«Troppe università e sistemi scolastici si dedicano all’indottrinamento radicale di sinistra e non all’educazione. Per questo sto per chiedere al dipartimento del Tesoro di riesaminare le loro esenzioni fiscali…».
La tocca piano Donald Trump, in un tweet del 10 luglio. E poi continua, minacciando tagli ai finanziamenti, «che verranno tolti se questa propaganda o questo incitamento ad agire contro le cose pubbliche dovesse continuare. I nostri ragazzi devono essere educati, non indottrinati!». Il presidente americano non è nuovo a queste battaglie. Già lo scorso anno – il 21 marzo – Trump aveva firmato un ordine esecutivo che minacciava i campus universitari di taglio dei fondi pubblici nel caso in cui al loro interno fosse stata limitata la libertà di espressione.
«Anche se le università hanno ricevuto miliardi e miliardi di dollari dai contribuenti, in molti casi sono diventate sempre più ostili alla libertà di parola e al Primo Emendamento», ha dichiarato Trump alla cerimonia della firma dell’ordine esecutivo, riferendosi all’emendamento della costituzione statunitense che difende la libertà di espressione.
«Queste università hanno cercato di limitare il libero pensiero, imporre il conformismo più totale e chiudere la bocca ai migliori giovani americani». Lo Stato centrale americano stanzia ogni anno una cifra intorno ai 35 miliardi di dollari in borse di studio, ricerca e istruzione ma l’accesso a questi fondi non è automatico per il sistema scolastico.
Tuttavia, nel caso di questo ordine esecutivo, la sua attuazione trova ostacoli nella burocrazia americana, che spesso è composta di funzionari fedeli più all’ideologia liberal che alla Costituzione e dunque propensi a giudicare bonariamente le violazioni del diritto d’espressione imposte dall’ideologia del politicamente corretto al quale aderisce la stragrande maggioranza dei docenti.
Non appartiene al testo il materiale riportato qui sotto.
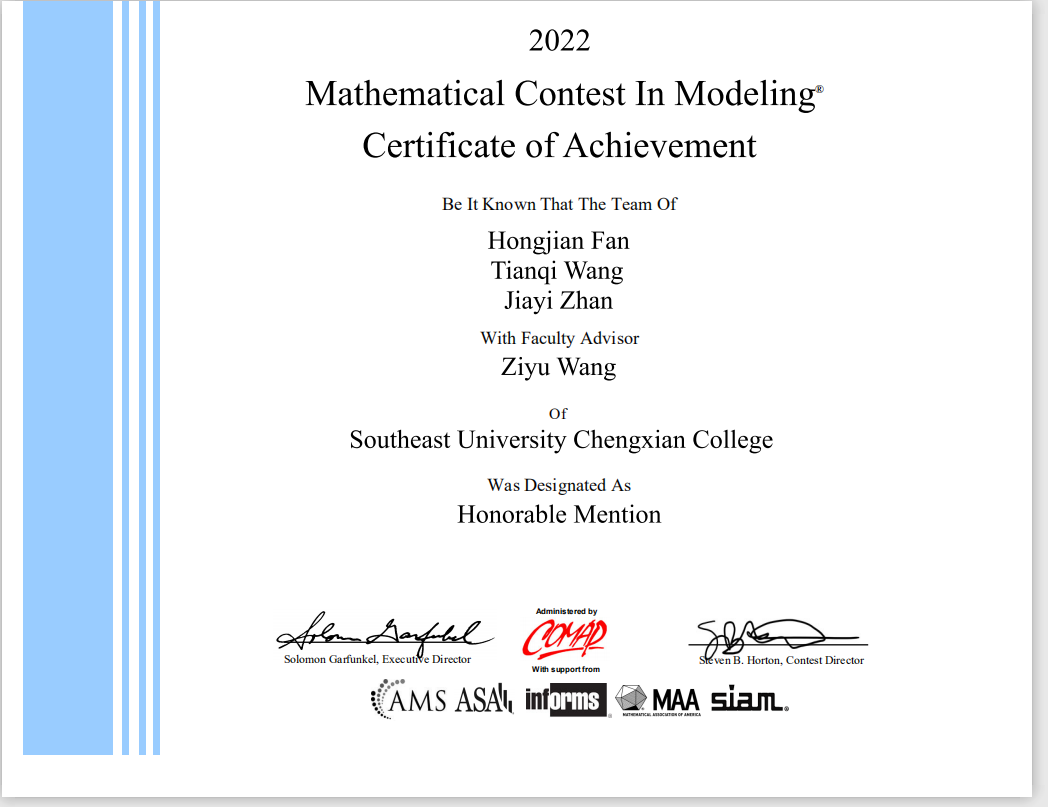20计算机科学与技术 范鸿渐 | 20计算机科学与技术 王天骐 | 20土木工程 展嘉怡 | Honorable Mention |
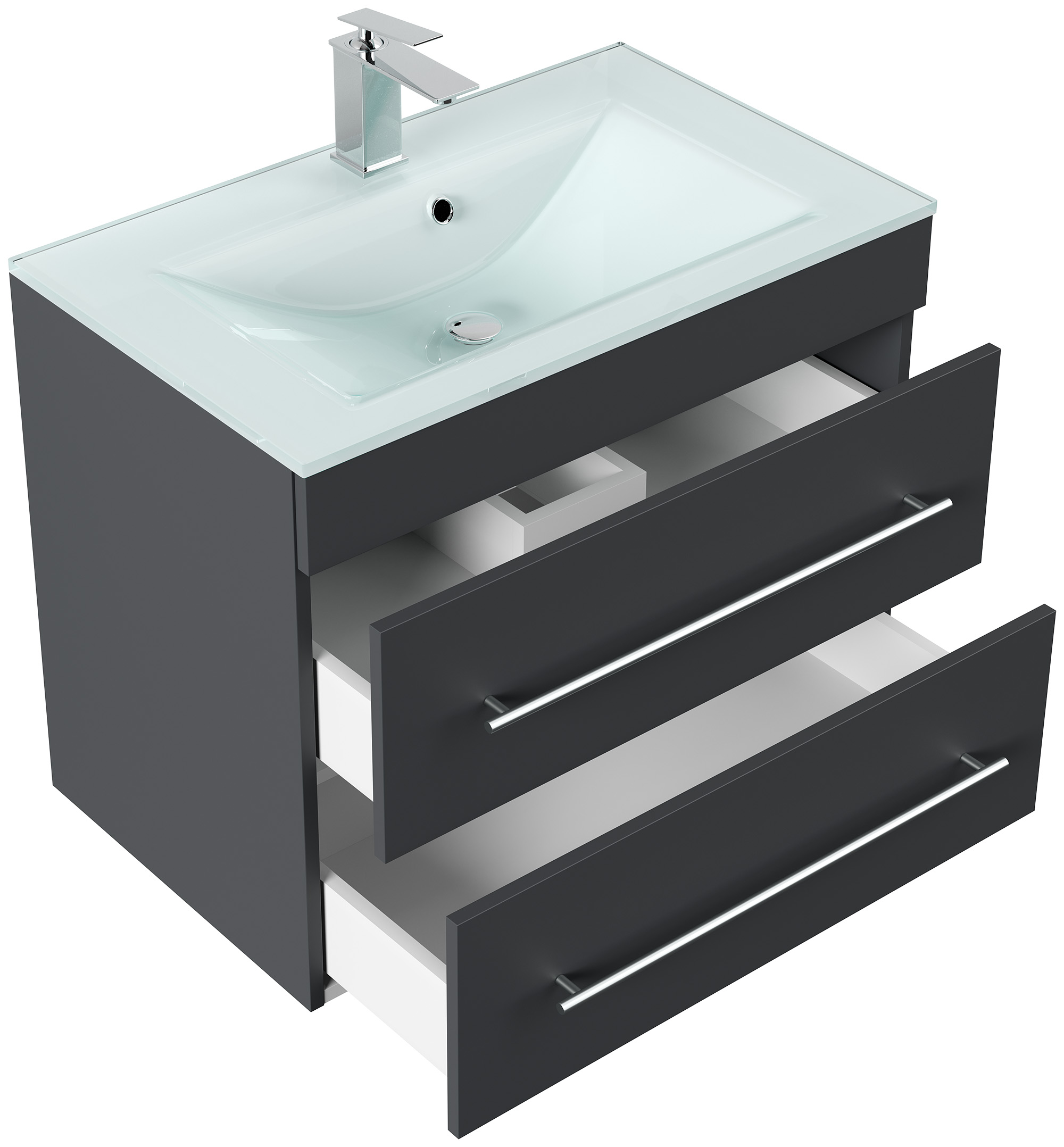 Badmöbel Vitro 750 mit Glaswaschbecken SoftClose grafit

Uno studio del 2018 di Mitchell Langbert ha inoltre evidenziato come il rapporto fra professori democratici\liberal e quelli repubblicani\conservatori nei campus americani sia di ben 13 a uno.
Nelle università americane i doppi standard di giudizio portano a tollerare che alcuni docenti sostengano apertamente la necessità della scomparsa dell’uomo bianco, mentre un professore può aver problemi seri se dovesse «sbagliare» il pronome che uno studente si è scelto perché «non si identifica» con quello corrispondente al proprio sesso biologico.
La scorsa settimana rivolgendosi a una folla al Monte Rushmore durante la festa americana del Giorno dell’Indipendenza (4 luglio), Trump ha dichiarato che «ai nostri figli viene insegnato a scuola a odiare il proprio paese e a credere che gli uomini e le donne che lo hanno costruito fossero non eroi, ma persone malvagie».
«Rifiutiamo vocabolari oppressivi, censura, politicamente corretto e ogni altro tentativo da parte della sinistra radicale per impedire alle persone di contestare idee ridicole e pericolose», aveva detto Trump commentando un’aggressione a un giovane militante repubblicano pestato durante un volantinaggio a Berkeley nel 2019: «Invece crediamo nella libertà di parola. Anche online e anche nei campus».
La battaglia di Trump contro le distorsioni ideologiche nelle università e nelle scuole non sembra una uscita meramente elettorale: al momento – stando ai sondaggi – fra i laureati Trump sembra avere oltre 20 punti di svantaggio rispetto al suo sfidante. La lotta per la libertà di espressione e di insegnamento appare dunque come una campagna di lungo periodo, per rovesciare l’indottrinamento antinazionale e autodistruttivo dei campus americani.